WHAT DO YOU THINK IS THE HARDEST THING ABOUT BEING AN ENTREPRENEUR, PARTICULARLY A FEMALE ENTREPRENEUR?

You have to radically change how you think about yourself. It all starts with your mindset. I don’t know if this was just me, but I feel like growing up you’re taught to doubt yourself, defer authority to some vague authority figure, not question why they have that authority or the validity of their principals. You’re taught to sit down, keep quiet, wait your turn, obey. To a certain extent, this is even more the case for women. When you’re building and scaling a company, there is no time to second guess yourself. You have to be the best informed person in the room, you have to make the call and you have to back yourself. You have to stand up, speak up, take the hits and question how those with authority got that authority and then you have to have the audacity to change it, to propose and then build a better way of doing things, and then fight through the naysayers and resistance to that change. You simply cannot doubt yourself for a second.

WHAT THREE WORDS WOULD YOU USE TO DESCRIBE YOURSELF?

Passionate. Resourceful. Hilarious.

WHAT EXCITES YOU MORE THAN ANYTHING?

The knowledge that I’m having a real impact on people’s lives; that the work I do every day is helping tens of thousands of students, their parents and landlords.
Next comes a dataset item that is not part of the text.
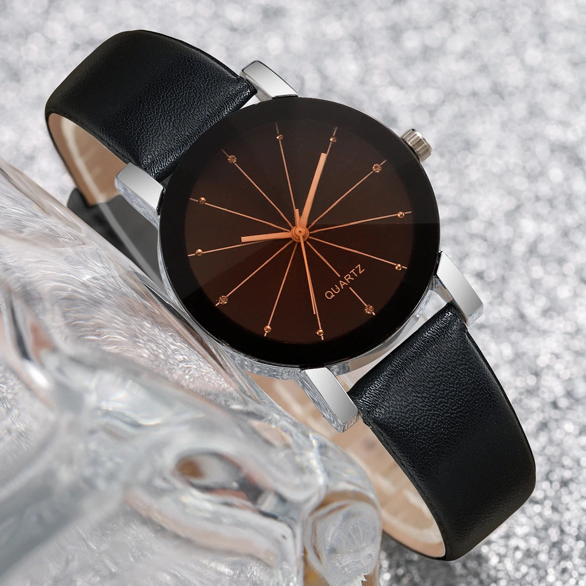 2PCS Fashion Women's Watches Rhinestone Dial Quartz Watch Casual Leather Band Wristwatches(Without Box)

It’s an incredible feeling knowing that you’re part of the solution. Every time I hear from one of our users about how their lives were changed by DigsConnect, I remember why I do what I do. Martin Luther King said “Anyone can be great, because anyone can serve”.
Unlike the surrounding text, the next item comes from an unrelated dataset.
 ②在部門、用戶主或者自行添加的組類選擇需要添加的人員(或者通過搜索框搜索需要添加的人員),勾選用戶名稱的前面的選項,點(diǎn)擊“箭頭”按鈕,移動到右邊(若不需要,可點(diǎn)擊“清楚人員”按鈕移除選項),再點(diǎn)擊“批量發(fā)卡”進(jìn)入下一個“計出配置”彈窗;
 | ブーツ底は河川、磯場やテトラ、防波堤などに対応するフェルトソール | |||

WHAT TIPS WOULD YOU GIVE TO ASPIRING ENTREPRENEURS WHO WANT TO MAKE IT IN SOUTH AFRICA?

Do not ever give up. Keep trying, always. It’s impossible to fail unless you stop trying. Keep at it, pivot a thousand times if you must, make the necessary sacrifices, and prepare to be exhausted. But also know you will have the most rewarding and meaningful life. Also, our country needs you now more than ever. Our country needs job-creators, entrepreneurs, solution-makers, problem-solvers, thinkers, builders. This is how we can rebuild our economy, with grassroots entrepreneurship. We cannot wait around for the public sector or anyone to come save us, we have to save ourselves, and we do that by building.